As euro zone finance ministers and European Central Bank (ECB) representatives gathered in Brussels on Monday for their latest meeting on the euro zone crisis, Christine Lagarde, managing director of the International Monetary Fund (IMF), said the euro zone needed a bigger firewall to ensure countries like Italy and Spain aren’t forced into a financing crisis.

“This would have disastrous implications for systemic stability,” she said in a speech in Berlin, according to the Financial Times.

“Substantial real resources to what is currently available” should be added by governments, Lagarde told the German Council on Foreign Relations, by adding the remaining resources of a bailout fund set up in 2010 – the $573 billion European Financial Stability Facility (EFSF) – into a permanent fund, the European Stability Mechanism (ESM) that officials hope to roll out by the middle of 2012, the New York Times reported.

The ESM was on the agenda for today’s meeting in Brussels.
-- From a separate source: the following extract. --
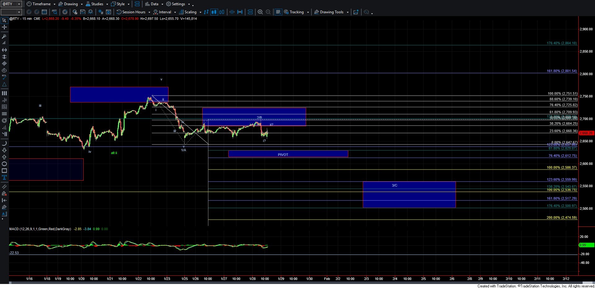 The RTY chart is telling a bit of a different story, with what can be counted as five waves down off the 1/22 high, followed by a corrective retrace into today’s high, which was then followed by another potential five down into today's low. This gives us a possible 1–2, i–ii setup to the downside. So again, while the ES and NQ are both still holding over support, this potentially bearish setup on the RTY certainly has the caution flag waving.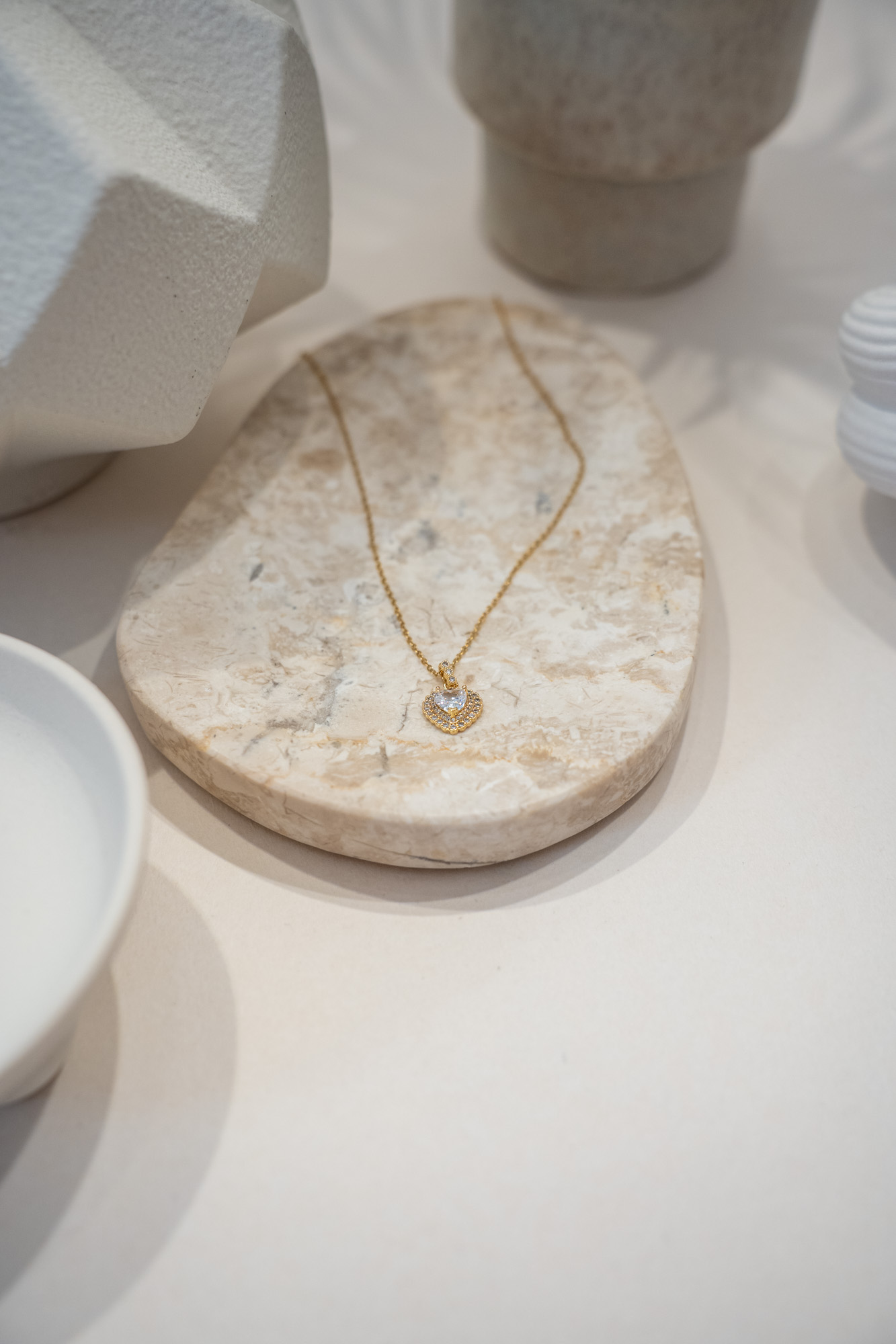 Κολιέ με καρδιά διακοσμημένη με λαμπερές πέτρες σε λεπτή αλυσίδα. Διατίθεται σε χρυσό και ασημί χρώμα. Κατασκευασμένο από ανοξείδωτο ατσάλι, δεν μαυρίζει και διατηρεί τη λάμψη του στο χρόνο.

At $651 billion dollars it is unlikely to be hefty enough to provide big rescue packages for Italy and Spain should they be needed. 

Lagarde said the global economy faced a “defining moment,” and called on euro zone governments to consider financial risk-sharing steps like common euro zone bonds as a way to tackle the 17-member currency bloc’s sovereign debt crisis, Reuters reported.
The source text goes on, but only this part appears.